The efficacy of active warming in preventing unplanned hypothermia during perioperative period in pediatric surgery patients in a tertiary care center
DOI:
https://doi.org/10.30714/j-ebr.2021165772Keywords:
Body temperature, surgical procedures, hypothermia, active warming, childAbstract
Aim: To investigate the effects of using the active warming method on children with hypothermia in the perioperative period and examining the effects of hypothermia on awakening time, pain, shivering and hospital stay.
Methods: This study included patients 18 years of age and younger who underwent surgery in the pediatric surgery department of a tertiary hospital.
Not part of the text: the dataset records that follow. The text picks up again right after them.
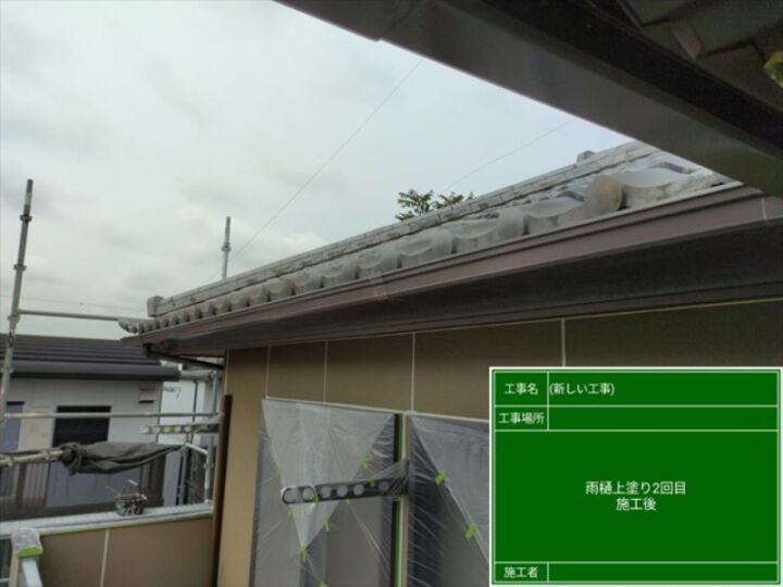 今回のブログでは、軒天と雨樋の塗装のようすをご覧ください。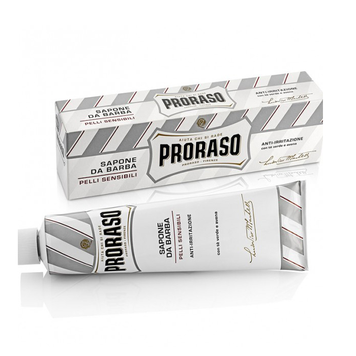 Proraso ha concepito una linea di prodotti dedicati al culto della rasatura che rispondono alle specifiche esigenze della pelle:linea bianca proraso, indicata per chi ha una pelle delicata che tende a irritarsi,lascia la pelle morbida e protetta, esaltando il piacere della rasatura.Sapone da barba: un grande classico della rasatura, che grazie alla sua consistenza estremamente ricca e cremosa protegge la pelle come uno scudo invisibile, evitando fastidiosi arrossamenti.Estratto di avena: ha effetto emoliente e lenitivo, rispetta il phdella pelle. Te' verde: antiossidante naturale ricco di polifenoli e minerali. Estratti di timo: antibatterico naturale, previene le irritazioni post rasatura. Tutto il piacere di una rasatura facile e veloce, senza traumi per la pelle sensibile.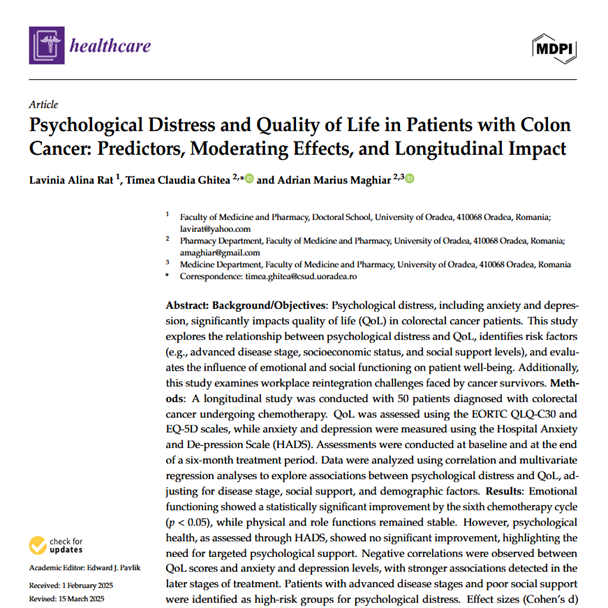 该研究发现心理困扰显著影响结直肠癌患者的生活质量,强调需在肿瘤治疗中整合心理评估和个性化干预,尤其针对晚期患者和缺乏社会支持的高风险人群。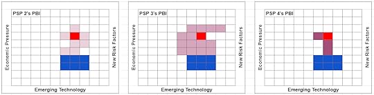 Let’s add one more dimension to the purpleness of the PBI squares, shade. The darker the squares the greater the commitment that the PSP has to the PBI.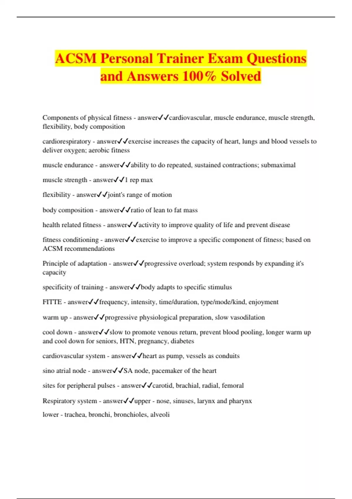 ACSM Personal Trainer Exam Questions and Answers 100% Solved Components of physical fitness - answercardiovascular, muscle endurance, muscle strength, flexibility, body composition cardiorespiratory - answerexercise increases the capacity of heart, lungs and blood vessels to deliver oxygen; aerobic fitness muscle endurance - answerability to do repeated, sustained contractions; submaximal muscle strength - answer1 rep max flexibility - answerjoint's range of motion body composition - answerratio of lean to fat mass health related fitness - answeractivity to improve quality of life and prevent disease fitness conditioning - answerexercise to improve a specific component of fitness; based on ACSM recommendations Principle of adaptation - answerprogressive overload; system responds by expanding it's capacity specificity of training - answerbody adapts to specific stimulus FITTE - answerfrequency, intensity, time/duration, type/mode/kind, enjoyment warm up - answerprogressive physiological preparation, slow vasodilation cool down - answerslow to promote venous return, prevent blood pooling, longer warm up and cool down for seniors, HTN, pregnancy, diabetes cardiovascular system - answerheart as pump, vessels as conduits sino atrial node - answerSA node, pacemaker of the heart sites for peripheral pulses - answercarotid, brachial, radial, femoral Respiratory system - answerupper - nose, sinuses, larynx and pharynx lower - trachea, bronchi, bronchioles, alveoli

The active warming group consisted of 28 patients and the control group consisted of 29 patients. The first group of patients was actively warmed during the surgery and the second group was treated as the control group and did not actively receive any warming therapy. Preoperative body temperatures of the cases were measured. In addition, body temperatures were recorded every 15 minutes in the intraoperative and postoperative periods.
Results: There was no statistically significant difference in preoperative body temperature between the control group and the active warming group. When body temperature were examined in the intraoperative period, there was no significant difference between the groups at the first 15 minutes of operation; however, the mean of the body temperature in active warming group was significantly higher than the control group at the 30th, 45th , and 60th minutes of operation. It was determined that patients in the control group had a longer stay in the hospital and the amount of time for waking at the end of the anesthesia was shorter in the active heating group than in the control group.
Conclusions: The results of our study suggest that active heating with a carbon fiber resistant system is an effective method to prevent unplanned hypothermia in operated children.